### Exercise aim
Write out the following listing's lines from the one with "NoisydesignsНовинка; Женская блузка" to the one with "Schlage B560FP Grade", exactly, with both included and no others.

### Information provided
**********
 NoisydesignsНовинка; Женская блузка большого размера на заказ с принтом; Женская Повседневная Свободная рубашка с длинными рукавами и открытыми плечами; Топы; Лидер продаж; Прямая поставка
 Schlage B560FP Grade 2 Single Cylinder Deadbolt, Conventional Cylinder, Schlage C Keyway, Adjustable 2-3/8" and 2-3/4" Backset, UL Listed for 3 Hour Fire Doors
**********
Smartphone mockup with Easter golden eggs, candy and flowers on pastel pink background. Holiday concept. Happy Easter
**********
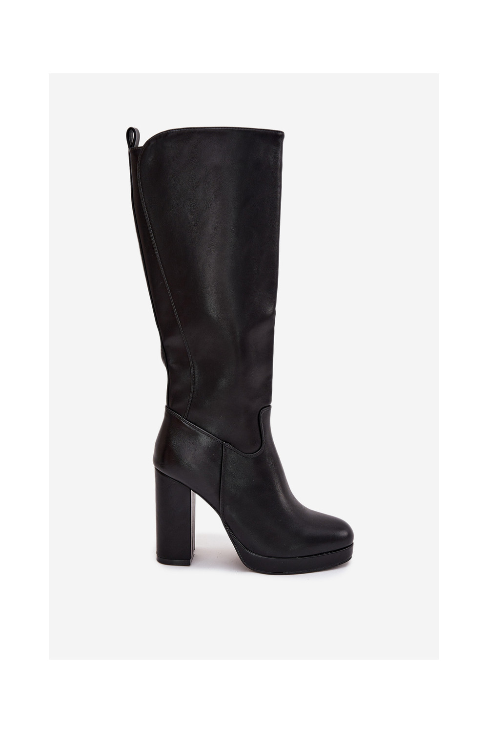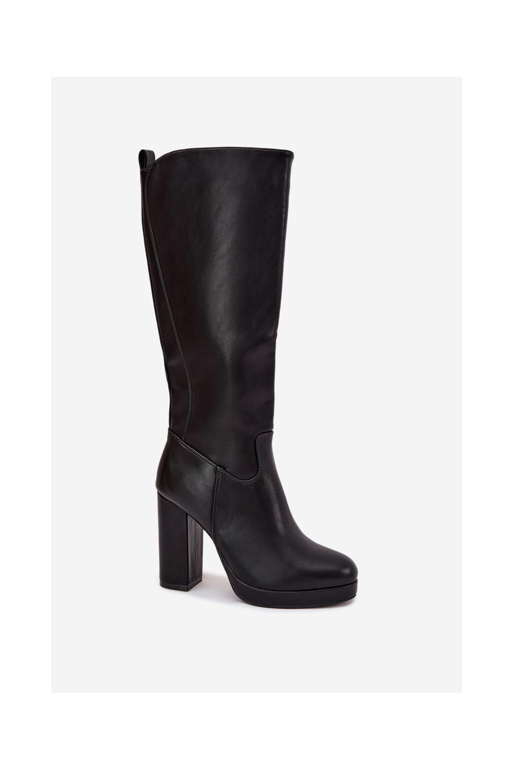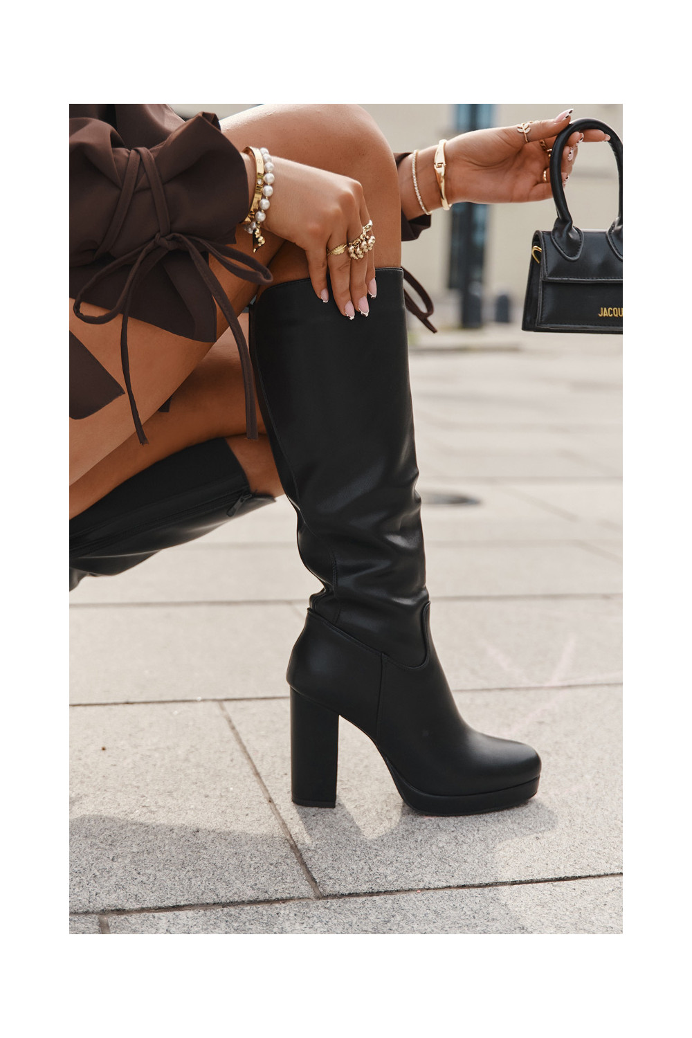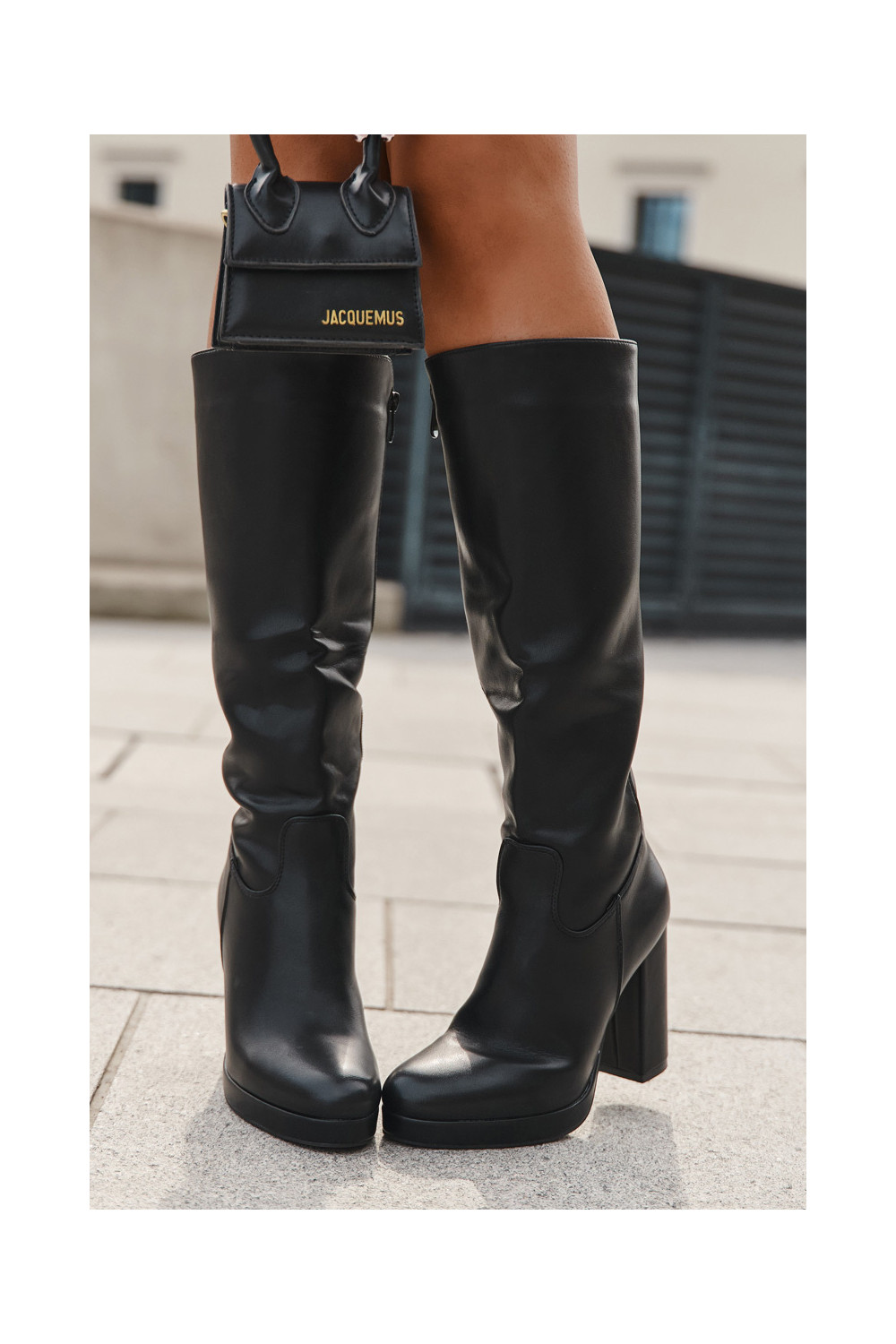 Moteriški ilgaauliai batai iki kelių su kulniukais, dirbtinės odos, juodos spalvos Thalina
**********
### Result of this exercise
 NoisydesignsНовинка; Женская блузка большого размера на заказ с принтом; Женская Повседневная Свободная рубашка с длинными рукавами и открытыми плечами; Топы; Лидер продаж; Прямая поставка
 Schlage B560FP Grade 2 Single Cylinder Deadbolt, Conventional Cylinder, Schlage C Keyway, Adjustable 2-3/8" and 2-3/4" Backset, UL Listed for 3 Hour Fire Doors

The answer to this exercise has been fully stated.